As I said this is indicative of ‘deeper’ emotional problems and thus more difficult to treat. The person needs to start to feel more worthy, then the needs can start to be expressed and ways of meeting them can be established. However feeling more worthy is not an easy thing to do and this is where the therapeutic relationship assumes importance. It is through the relationship with the therapist where the client can begin to feel a bit more self worth.
The term drug addict is an nebulous term that is used in a wide variety of ways. Functional drug addict, usually refers to a person who can use recreational drugs regularly, in significant quantities and still maintain their life style, in particular their work life, in a functional way. The drugs do not debilitate the person in the place of work in any significant way.
This is a bit of a contradiction in terms because the term addict often means a person whom is consumed by their drug use. The person who wakes up in the morning and the first thing they think of is how are going to get their next hit. And if they manage to find some drugs then they take it. That means they will take it before going to work or even in the work place. This will effect their performance in the work place and thus they cannot remain functional in this way as sooner or later this will be noticed and they will be ‘sacked’ from the job or at least their performance on the job will be significantly reduced.
Ben Cousins functioned at a very high level in the workplace (the football field) over a long period of time. He was amongst the best of the best in that occupation. He states in his biopic that he never took drugs on game day or the day before game day. This must have been true most of the time because any drug use would quickly reduce his level of performance at such an elite sporting level.
So he is not a drug addict in the usual sense of the word.

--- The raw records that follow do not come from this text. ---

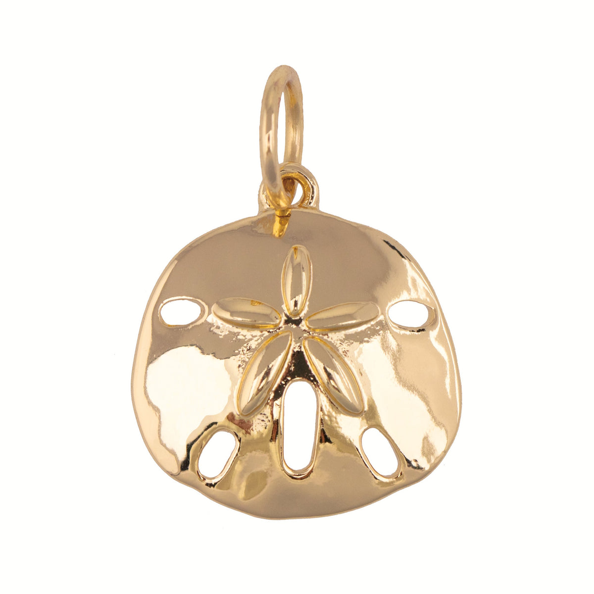 Bring beachy vibes wherever you go with the Sand Dollar Charm in Shiny Gold. Inspired by coastal treasures, this charm is your golden ticket to summer style.
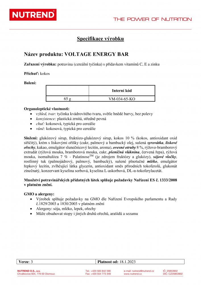 Voltage Energy Bar, tyčinka, 65 g kokos
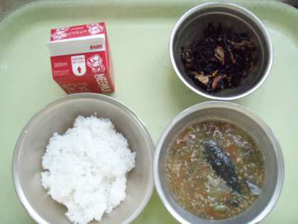 今日の給食は、「夏野菜のあんかけごはん」と「ひじきの煮つけ」でした。
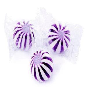 Expertly curving outward from swirly points on either side, lines that wrap across each individually wrapped purple Sassy Sphere make these delightful sweets look like striped balloons inflated to full capacity like the ones you see at the circus and county fair. Plucky and adorable, these vibrant purple and white confections taste just as good as they look. Bulbous and bright, each ball is full of fruity grape flavor that promises to perk up your taste buds and refresh your palate. Fill up a candy bowl with these jolly spheres for weddings, holidays, or any occasion, and prepare to impress your guests!

Just go and meet a few such addicts and one quickly sees they are physically wrecked. The drugs quickly take their toll on the physique. There is no way a drug addict can function at an elite physical level. They can’t even function at a moderate physical level. They would struggle to run around a football field a couple of times let alone run a marathon every game of football they play.
The other thing about him which he states in his biopic and has been reported by others on many occasions is his work ethic. It was unparalleled. He would train longer and harder than all other footballers and thus his fitness was at the highest level amongst a group of very fit men. This is where the psychology behind his drug use starts to become apparent.

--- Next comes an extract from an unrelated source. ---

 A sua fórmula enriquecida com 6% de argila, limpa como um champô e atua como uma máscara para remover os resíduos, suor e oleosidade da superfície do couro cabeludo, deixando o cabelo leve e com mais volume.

To train in such a way means he has a driven quality that others do not have. He can deprive his Child ego state more than most others. When others are exhausted and stop he keeps going. To do that he must have a very large internal critic inside his head. It pushes his Child ego state relentlessly and thus he has that driven quality about him such that he can keep training when others can’t.
The problem with such a psychological structure is it can’t continue on for too long without some symptom developing. The Child ego state is being deprived of pleasant feelings and comfort such that sooner or later some symptom will develop and thus we have the psychological basis of such drug use. He even says this, that the drugs were his reward after training so hard. The good feelings provided by the drugs were the relief for his Child ego state. After training so hard he allowed himself to party and thus he could continue on psychologically. The Child aspect of the personality felt looked after and thus the sense of deprivation subsided. In this way he would be described as a symptomatic drug user rather than a drug dependent user. The drugs solved the problem of physical and psychological deprivation.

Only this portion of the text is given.